Action item:
The lines from the one containing "(a) Electrical magnitude" through the last one in the data: please copy those exactly, and only those, without the pictures.
[Opening Source data section]
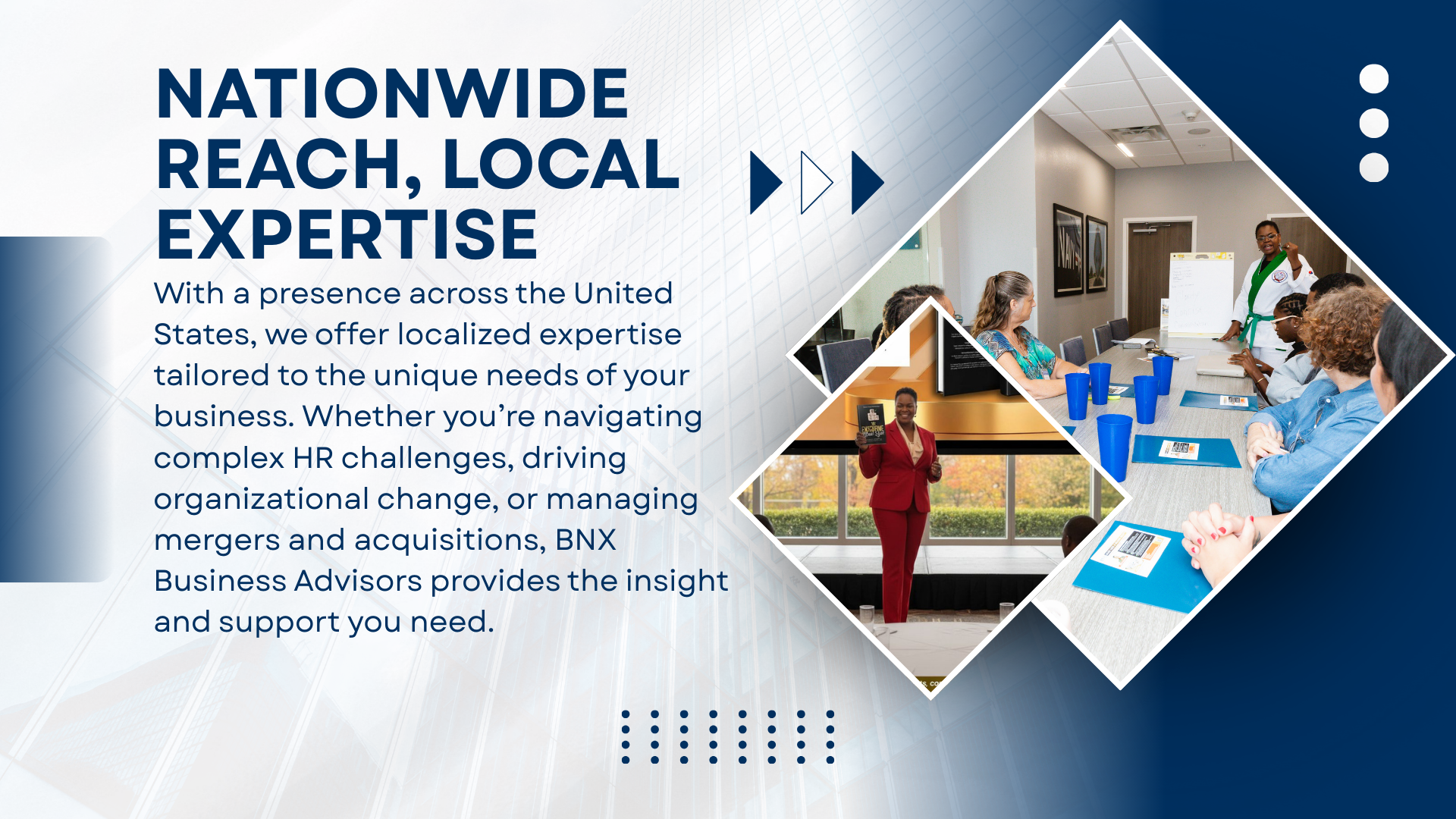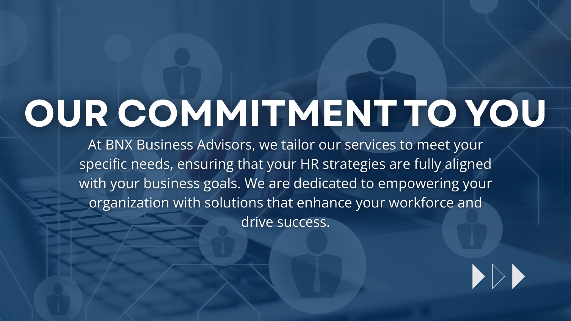 Our Commitment: At BNX Business Advisors, we are dedicated to delivering innovative and resilient HR solutions that drive organizational success. Our team of experienced professionals is committed to excellence, diversity, and client-focused service.
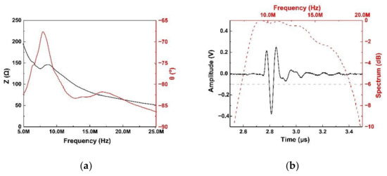 (a) Electrical magnitude (black) and phase angle (red), (b) pulse-echo wave (black) and frequency spectrum (red) performances of acoustic tweezers by textured KNN-based ceramics.
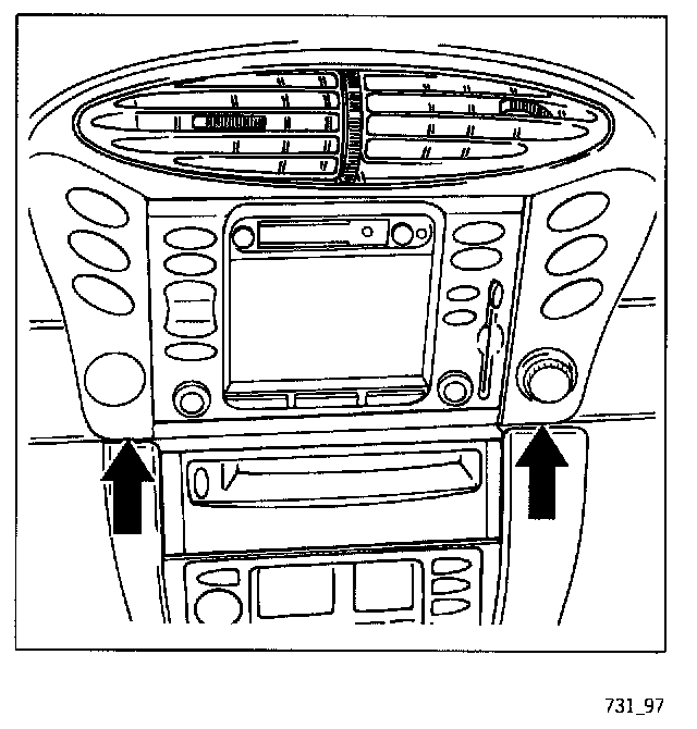 2. Detach and remove the central vent (4 Torx screws 5.0 x 22) at the centre vent. Carefully pull out the display and operator control unit and disconnect the electrical plug connections.
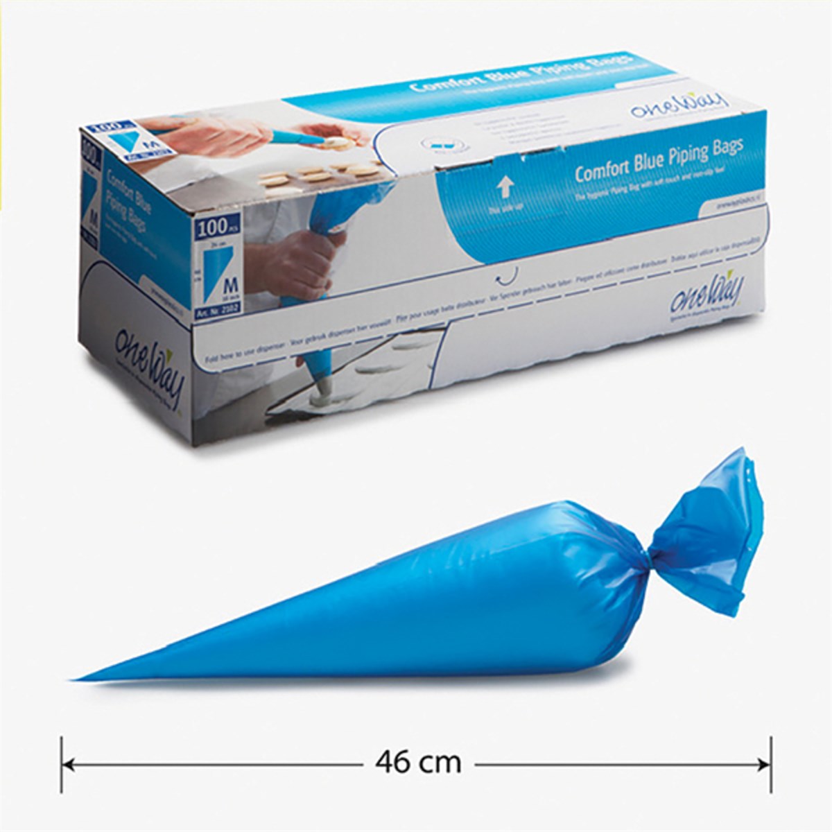 The Comfort Blue piping bag guarantees efficiency in the kitchen and optimum food safety. Disposable piping bags always come straight off the roll, or clean from the box, fit snugly in the hand, and are also very easy to use. Safety is extremely important in all professional (large) kitchens or bakeries.
[Closing Source data section]
Answer box:
 (a) Electrical magnitude (black) and phase angle (red), (b) pulse-echo wave (black) and frequency spectrum (red) performances of acoustic tweezers by textured KNN-based ceramics.
 2. Detach and remove the central vent (4 Torx screws 5.0 x 22) at the centre vent. Carefully pull out the display and operator control unit and disconnect the electrical plug connections.
 The Comfort Blue piping bag guarantees efficiency in the kitchen and optimum food safety. Disposable piping bags always come straight off the roll, or clean from the box, fit snugly in the hand, and are also very easy to use. Safety is extremely important in all professional (large) kitchens or bakeries.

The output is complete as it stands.